Because this is a pattern. The illogical leaps propel many scenes – sometimes in succession – contradicting the characters as well. At one moment, Prithwish seems like an uncompromising old hand – shockingly stubborn in realising his vile ends – while the next he behaves like a gullible teenager, ready to believe any cock-and-bull story.
This unrelenting and bleak drama also darts in one lane. Besides some sporadic humour, it doesn’t have space or patience for anything else. It first elicits tedium, then a slow, consistent frustration.
It’s undecided about its broad tone, too. If the film’s primary setting, the village in Gujarat, inches close to the edges of dystopia (even though the very definition of that word has become contested in the India of today), then its polar opposite reeks of utopia.
While escaping from his father, for instance, Jayeshbhai drives into a local fair. The loudspeaker underscores the virtues of a baby girl, followed by “beti bachao, beti padhao”. The owner of a homestay there betrays Jayeshbhai by informing Prithwish. But his wife, a fierce Bengali woman (who insults her man at every opportunity), saves them by pointing a knife at her husband. This is a typical Hindi film disease: If your film is about a particular theme, then everything in that world must revolve around it – and, like a hat-doff to Newtonian mechanics, every character must have an equal and opposite (read: extreme!) counterpart.

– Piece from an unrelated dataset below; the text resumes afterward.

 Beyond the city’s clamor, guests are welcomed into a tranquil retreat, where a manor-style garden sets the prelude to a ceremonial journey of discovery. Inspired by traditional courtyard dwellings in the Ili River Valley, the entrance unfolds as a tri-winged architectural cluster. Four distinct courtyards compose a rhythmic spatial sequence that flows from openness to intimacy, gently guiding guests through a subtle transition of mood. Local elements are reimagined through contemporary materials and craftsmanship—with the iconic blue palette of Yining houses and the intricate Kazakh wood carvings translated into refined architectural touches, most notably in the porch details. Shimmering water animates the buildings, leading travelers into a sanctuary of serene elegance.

Take a more crucial subplot: a village, Ladopur, in Haryana, devoid of women. Its men have become so helpless that they invite women from all over the country, promising them a life of dignity and equality. They’ve also taken a pledge of non-violence.

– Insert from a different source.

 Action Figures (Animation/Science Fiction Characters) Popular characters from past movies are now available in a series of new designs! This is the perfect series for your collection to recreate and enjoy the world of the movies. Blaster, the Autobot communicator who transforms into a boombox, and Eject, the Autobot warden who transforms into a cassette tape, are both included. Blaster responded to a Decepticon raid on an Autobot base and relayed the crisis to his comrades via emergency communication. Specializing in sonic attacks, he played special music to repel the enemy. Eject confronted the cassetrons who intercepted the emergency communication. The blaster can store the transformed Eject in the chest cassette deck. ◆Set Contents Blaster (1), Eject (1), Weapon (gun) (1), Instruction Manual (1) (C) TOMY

Surely, Ladopur doesn’t (wholly) exist, giving this movie a quasi-alternate reality feel. This isn’t a problem by itself – the problem is, the film doesn’t seem to be aware of such lunges. This, too, feels like a convenient plot point. Trying to find a safe space for Mudra and Sidhi, Jayeshbhai finds it via an online search. One message later, its sarpanch (Puneet Issar) invites them over. The Ladopur portion, trying hard to be absurd and funny and subversive, finds itself in cinematic no man’s land. It takes remarkable skill to flit from farce to realism, and Jayeshbhai Jordaar isn’t even close.

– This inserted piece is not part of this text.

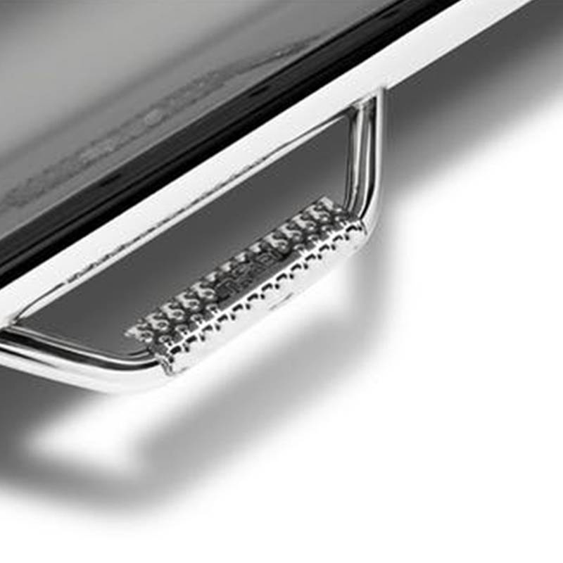 The nerf bars have a patented hoop step design featuring a 2" and/or 3" main tube diameter. The 2" tube applications include an .095 wall steel tubing, while 3" tube applications include an .084 wall steel tubing. The patented drop-down step design and location is engineered to allow for ease of access to stock or lifted vehicles. This application fits high and tight to the vehicle body for a clean, modern style and protection from road debris.

It’s also overcrowded. New subplots, characters, plot twists, narrative misdirection greet us often. They don’t elevate the film, but make it lose sight of basic things.
For a film championing the dignity of women, its female lead, Mudra, is passive. She doesn’t do much except whimper, obey and follow. I last remember seeing such a pitiable heroine in a Hindi film in Kabir Singh (whose Telugu original, Arjun Reddy, had Pandey making her debut). Singh whips up some humour, even a dash of pathos – his initial shame and helplessness brought by his family is striking – but he’s limited by the limited material. It’s become a pattern with him: a gifted actor trying his best to shine in a spate of mediocre films.
Bollywood must be the opposite of King Midas. It touches gold and turns it plastic.